§ **Task item**
Would you repeat the listing exactly, without any of its images?

§ **Given material**
* * * *

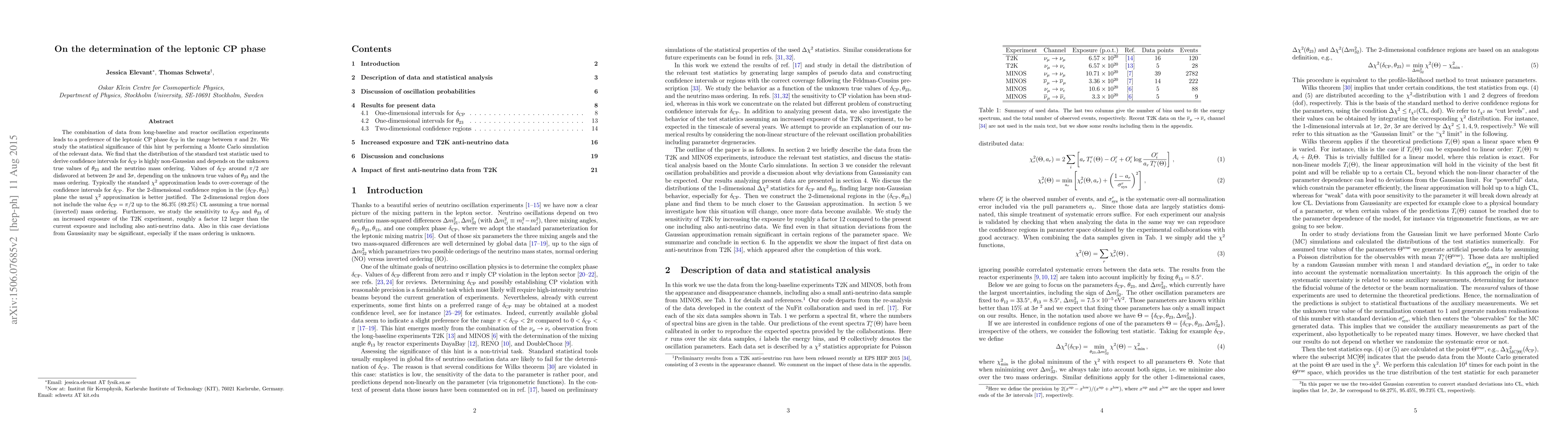 This study investigates the leptonic CP phase (u03c3_{CP}) using long-baseline and reactor oscillation data, finding a preference for u03c3_{CP} in the u03c0 to 2u03c0 range. Monte Carlo simulations reveal non-Gaussian distribution and dependence on unknown u03b8_{23} and mass ordering. Standard u03c4^2 approximation over-covers u03c3_{CP} confidence intervals, while the 2D (u03c3_{CP}, u03b8_{23}) region excludes u03c3_{CP} = u03c0/2 at 86.3% (89.2%) CL for normal (inverted) mass ordering. Increased T2K exposure shows potential for improved sensitivity, though deviations from Gaussianity may persist, especially with unknown mass ordering.
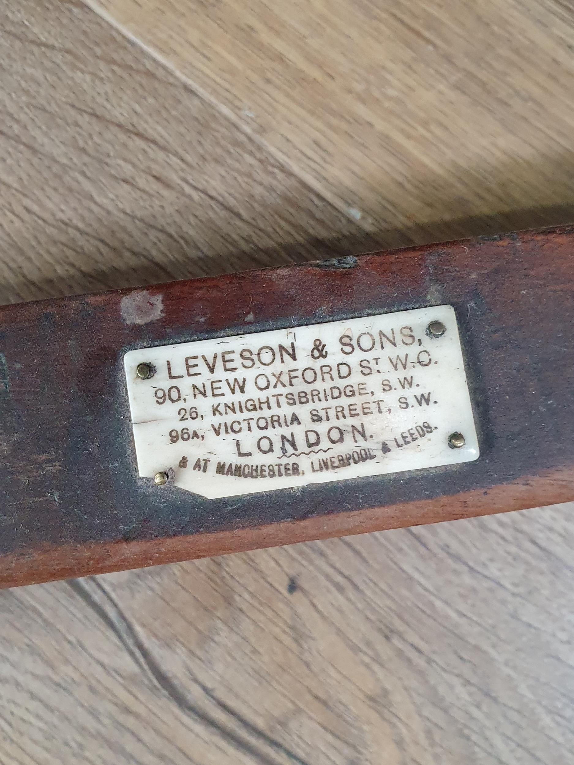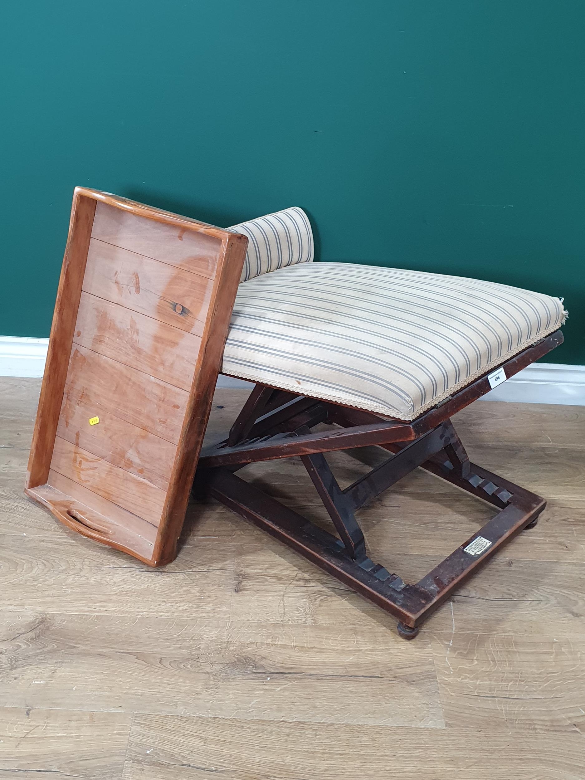 A folding Gout Stool by Leveson & Son, London and an olive wood Tray
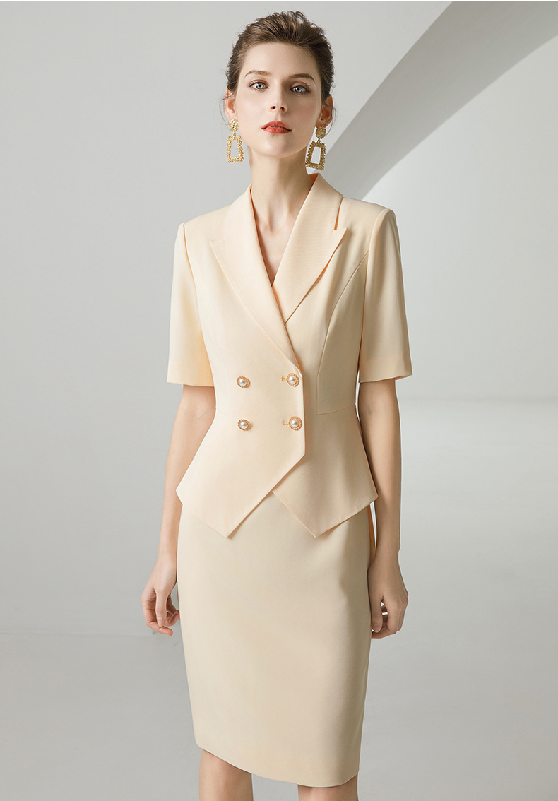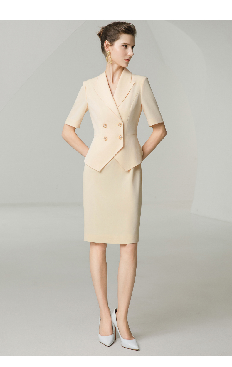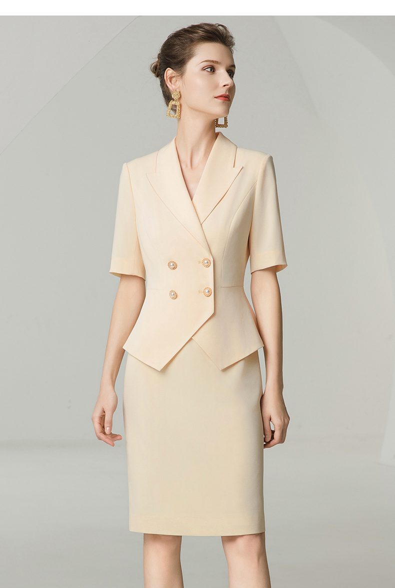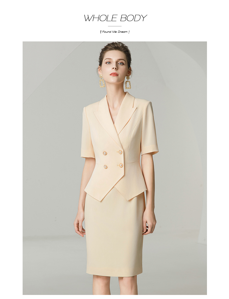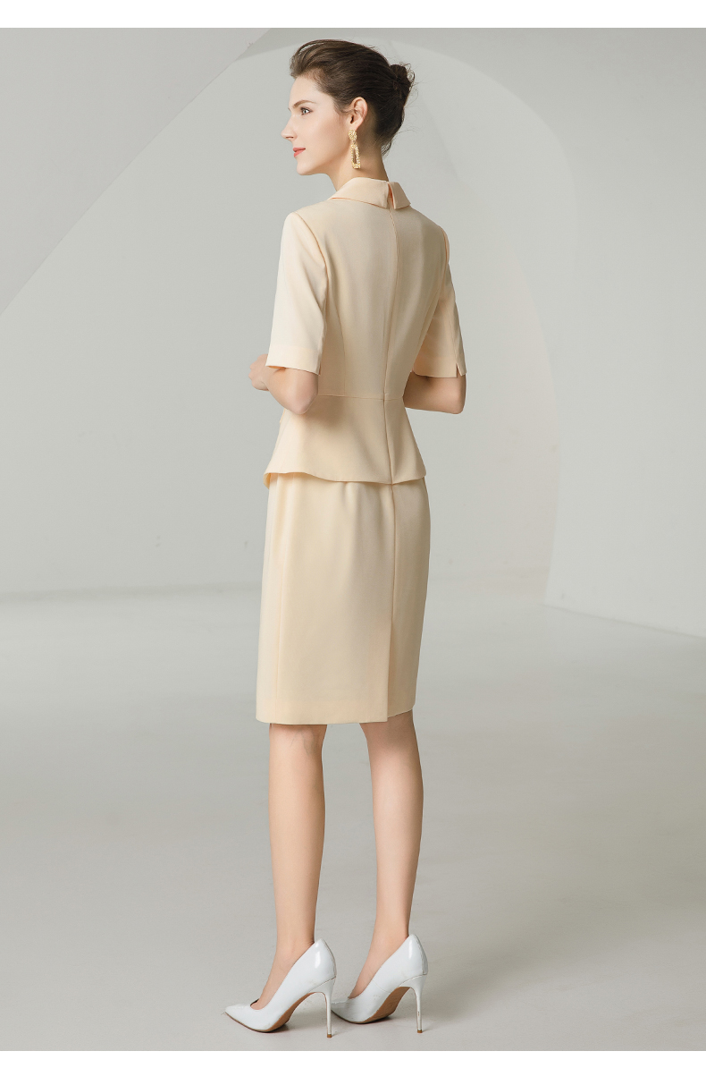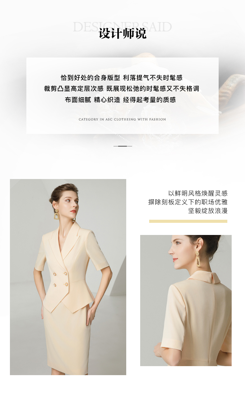 IWY/杏黄色短袖连衣裙女夏季高级感新款裙子职场前台职业OL裙子242027Q1

* * * *

§ **Response to the task**
 This study investigates the leptonic CP phase (u03c3_{CP}) using long-baseline and reactor oscillation data, finding a preference for u03c3_{CP} in the u03c0 to 2u03c0 range. Monte Carlo simulations reveal non-Gaussian distribution and dependence on unknown u03b8_{23} and mass ordering. Standard u03c4^2 approximation over-covers u03c3_{CP} confidence intervals, while the 2D (u03c3_{CP}, u03b8_{23}) region excludes u03c3_{CP} = u03c0/2 at 86.3% (89.2%) CL for normal (inverted) mass ordering. Increased T2K exposure shows potential for improved sensitivity, though deviations from Gaussianity may persist, especially with unknown mass ordering.
 A folding Gout Stool by Leveson & Son, London and an olive wood Tray
 IWY/杏黄色短袖连衣裙女夏季高级感新款裙子职场前台职业OL裙子242027Q1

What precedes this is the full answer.